Juna mengulurkan tangan ke arah nakas, meraih dua buah benda yang ada di sana. Jam digital dan sebuah pigura berukuran sedang dengan bingkai emas. Foto seorang gadis mengenakan seragam sekolah tersenyum manis menghiasi pigura itu. Juna meletakkannya di dada, memeluk erat seolah memeluk gadis yang ada di dalam foto. Tak peduli dengan dadanya yang kembali terasa ditindih bongkahan batu besar, juga bulir-bulir bening yang menuruni sudut matanya yang terpejam, ia akan terus melakukannya sampai kerinduannya mereda. Hanya sedikit karena rasa rindunya tidak akan pernah reda sepenuhnya. 

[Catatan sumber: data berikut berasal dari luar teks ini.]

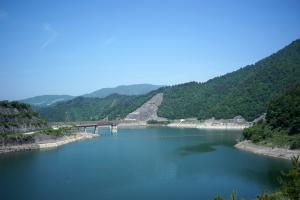 大峠道路から見た日中ダム 道路脇に続くマーガレット
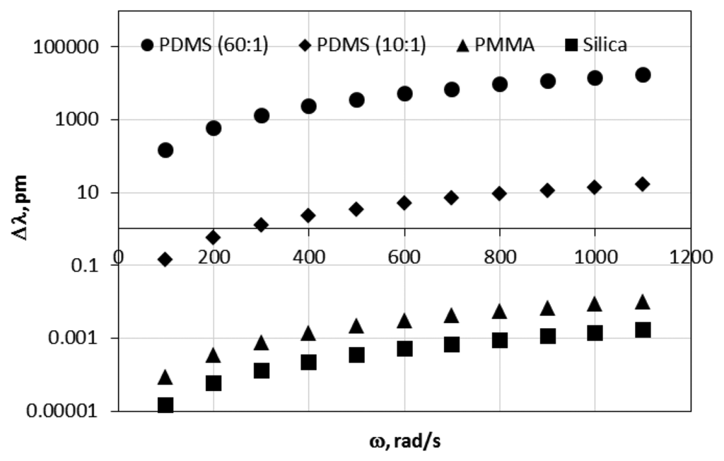 As was expected the MDR shift is directly proportional to the sphere density and also is a quadratic function of the sphere radius and the angular velocity. Figure 4 shows the MDR shifts as a function of the angular velocity for a silica (G = 3 × 1010 GPa, ν = 0.17), polymethylmethacrylate (PMMA, G = 2.6 × 109 GPa, ν = 0.35) polydimethylsiloxane (PDMS 10:1, 10 parts of polymeric base and one part of curing agent by volume, with G = 300 kPa, ν = 0.49) and (PDMS 60:1, 60 parts of polymeric base and one part of curing agent, by volume with G = 1 kPa, ν = 0.49) with a radius of the resonator of 500 μm. As shown in Figure 4, resonators with smaller shear modulus G experience larger MDR shift due to the larger mechanical deformation induced by the applied external angular velocity. Figure 4 also shows that the MDR shifts that are induced in a spinning resonator are very small for silica and PMMA resonators in the range of the calculated angular velocity.
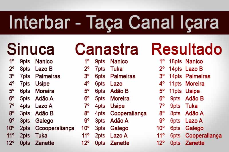 O primeiro turno do Interbar foi conquistado pelo Nanico. Em segundo lugar geral está o bar do Chef Lazo e na terceira colocação o Palmeiras. A classificação, no entanto, é apenas uma prévia já que não carimba ainda o passaporte de nenhuma equipe. A disputa do returno inicia já nesta próxima semana. Na segunda-feira terá Adão A x Moreira. Na terça continuará com Marquinhos x Lazo A, Cooperaliança x Galego, Zanette x Lazo B, Usipe x Adão B e Tuka x Palmeiras.
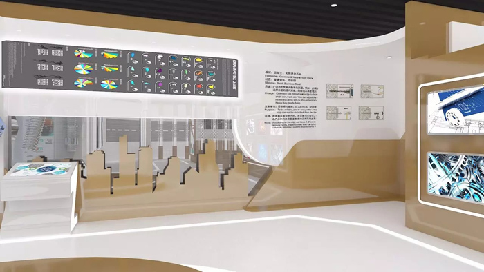 郑州展厅设计之产品展厅定位,展厅不管大小都有自己的黄金陈列点,黄金陈列点就是让参观者进入展厅后,习惯性的目光审视焦点,这个区域氛围的营造和产品的陈列技巧,决定展厅能不能给参观者心中留下深刻的印象,黄金区域色彩和灯光配置目的是利用不同灯光语言做辅助,营造当下时尚的浓郁氛围色彩,入口区域氛围营造,通过造型景观、人工渲染等方式来达到目的,入口区域的造型景观可根据风格定位布置营造,造型景观是展厅设计的延伸,不能喧宾夺主。
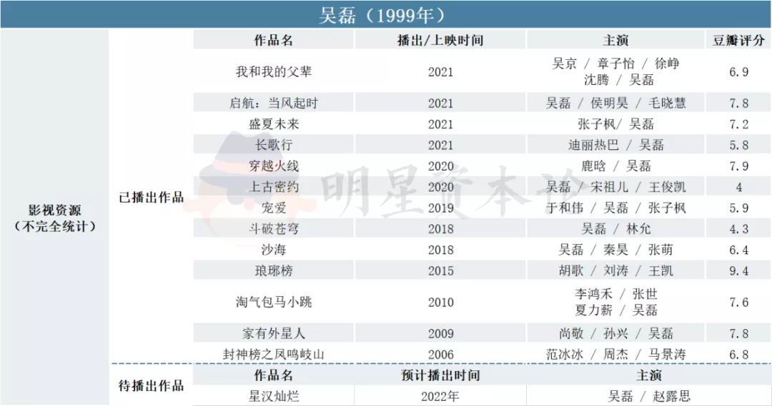 第一梯队的头部小生,主要有刘昊然、吴磊等。他们有国民度也有知名作品,现在主要专攻正剧和大制作电影,以求获得转型突破,能够成为“第二个吴京”。
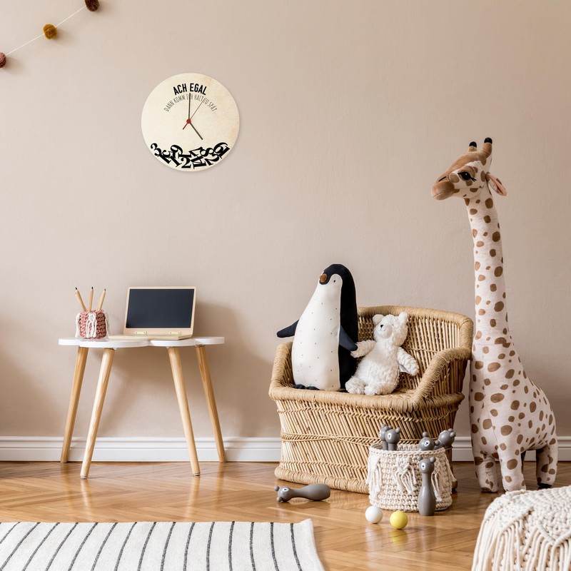 - Box contents: 1 x wall clock "Ach egal dann komm ich halt zu late"
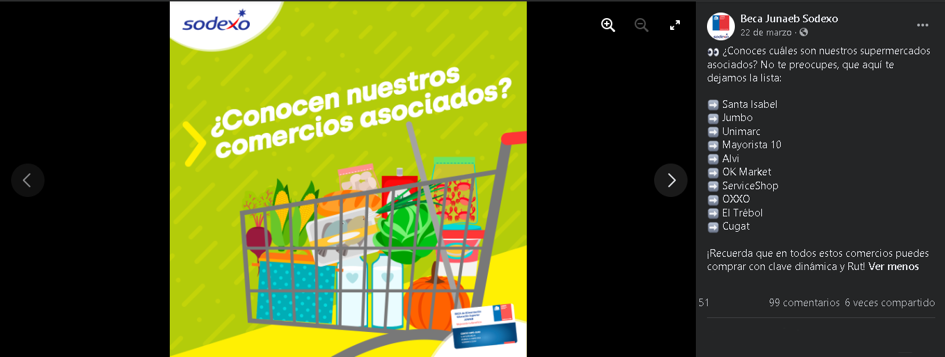 Considerando el contexto actual y que las instituciones de educación superior están cerradas (en lo casinos y comercios de las universidades se permite el uso de la Junaeb), las personas suelen utilizar el beneficio en supermercados, que son los siguientes:
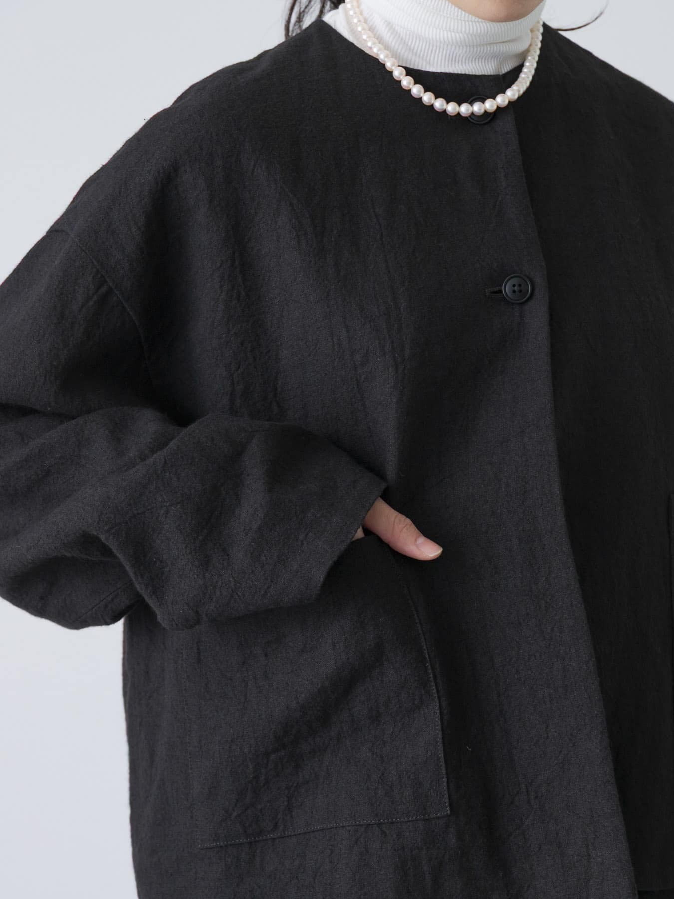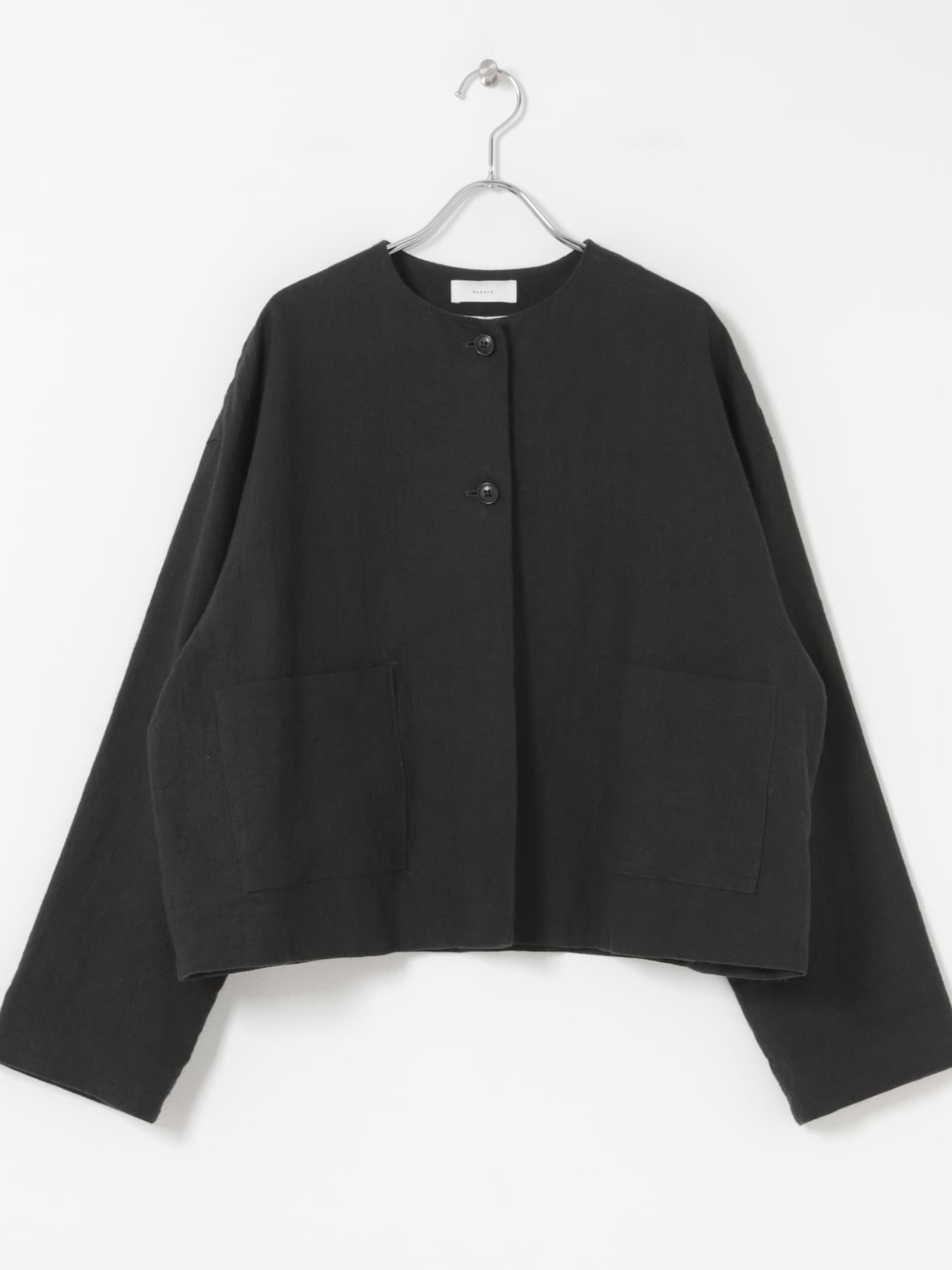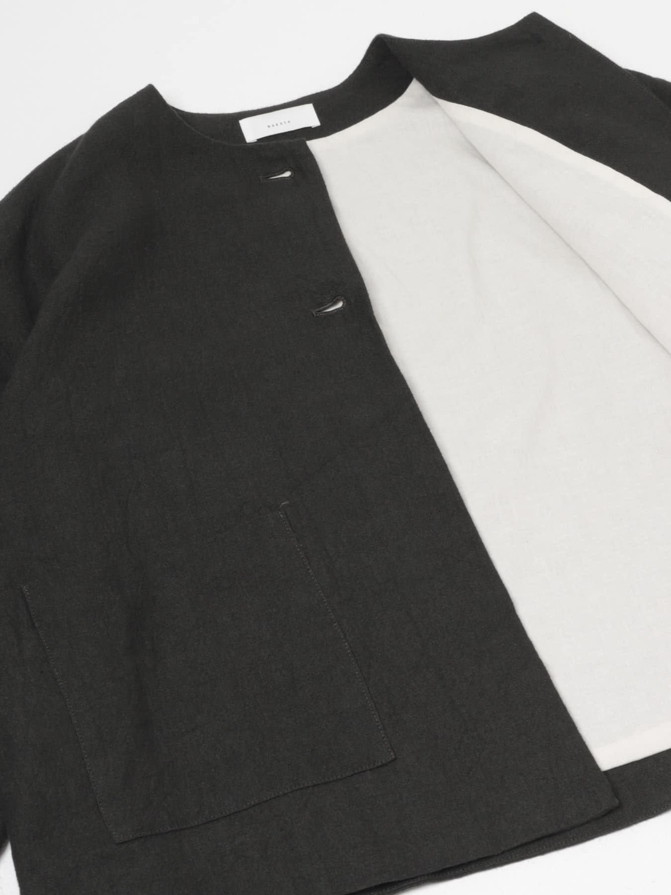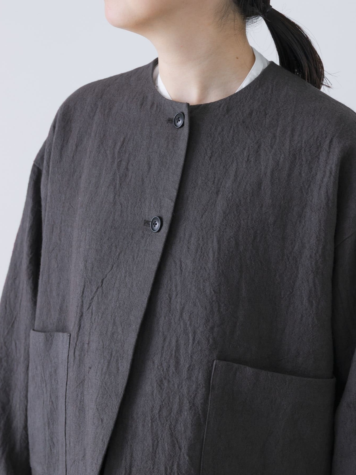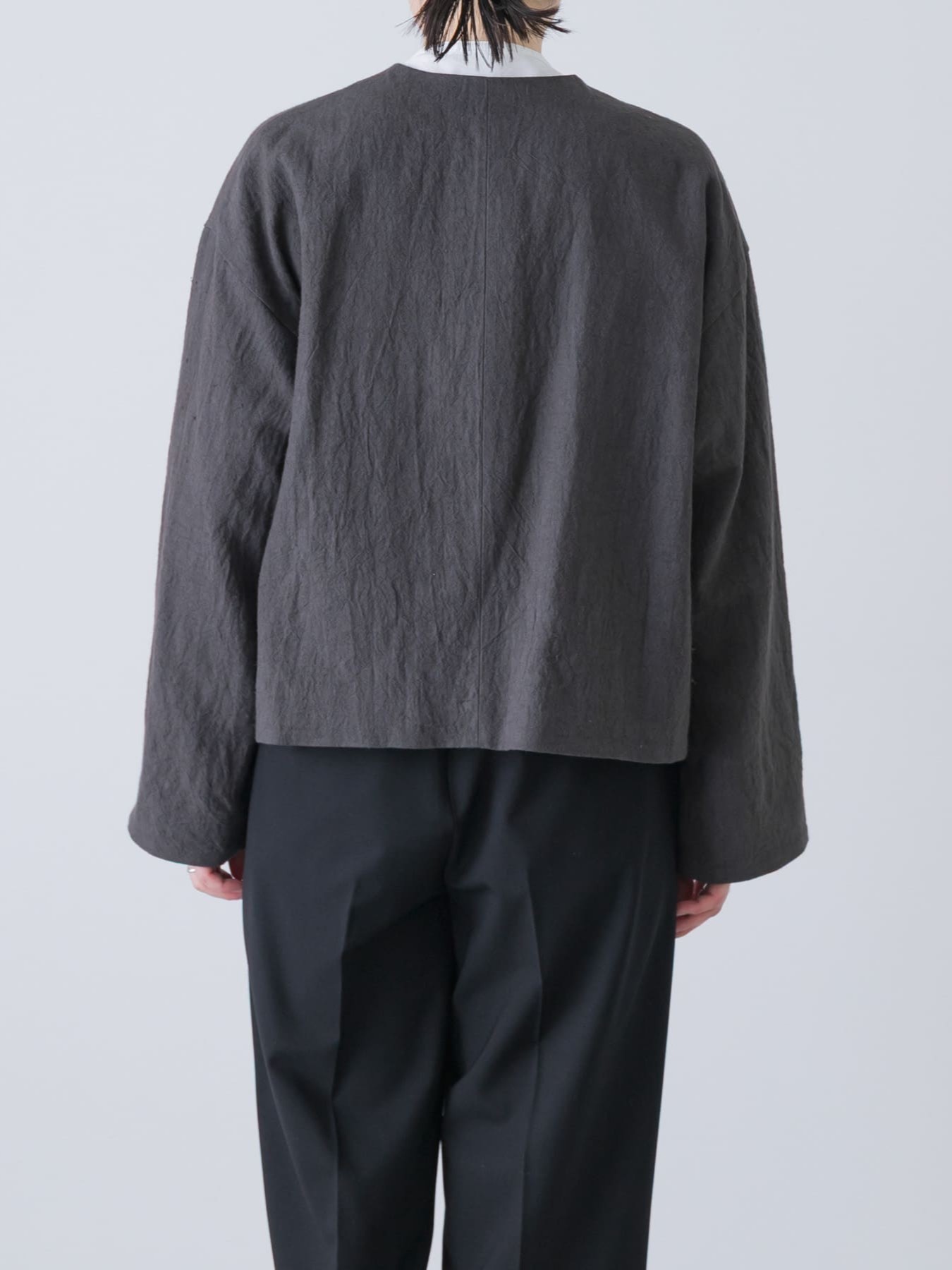 The Collarless Jacket by KAGURE is a versatile jacket crafted from a blend of ramie and linen, balancing firmness with suppleness. The fabric is dyed slowly and carefully to minimize strain, resulting in a rich texture with a natural washer effect that adds depth.

Mata karamel itu terbuka, mengerjap beberapa kali memeras cairan hangat yang masih memenuhi matanya. Tangan kiri Juna yang memegang jam digital terangkat. Angka tiga tertera di layar jam itu. Ia mengembalikan jam ke atas nakas, berbaring miring sambil masih memeluk pigura erat. 

Usia dua puluh delapan tahun bukanlah usia yang bisa dibilang muda. Ia sudah dewasa, matang dan memiliki segalanya. Dilihat dari sudut mana pun seorang Arjuna tidak memiliki kekurangan. Itu jika dilihat dari luar. Di dalam, ia rapuh. 

Cinta masa remaja yang bagi sebagian orang dinilai tidak berarti karena hanya dianggap sebagai cinta monyet justru tak dapat dilupakannya. Ia masih terjebak dalam bayang-bayang cinta pertama yang tak akan pernah bisa dimilikinya. 

Kehadiran Eveline Romansa Wiraatmadja memang bisa membuatnya sedikit lupa. Hanya sedikit. Roma masih sangat kecil dan ia bukan seorang pedofil. Perasaannya pada gadis berusia sepuluh tahun itu hanya rasa sayang terhadap keponakan. Ia masih dan akan selalu mencintai wanitanya. Mungkin ia akan membawa cintanya sampai mati, seperti wanita yang dicintainya. 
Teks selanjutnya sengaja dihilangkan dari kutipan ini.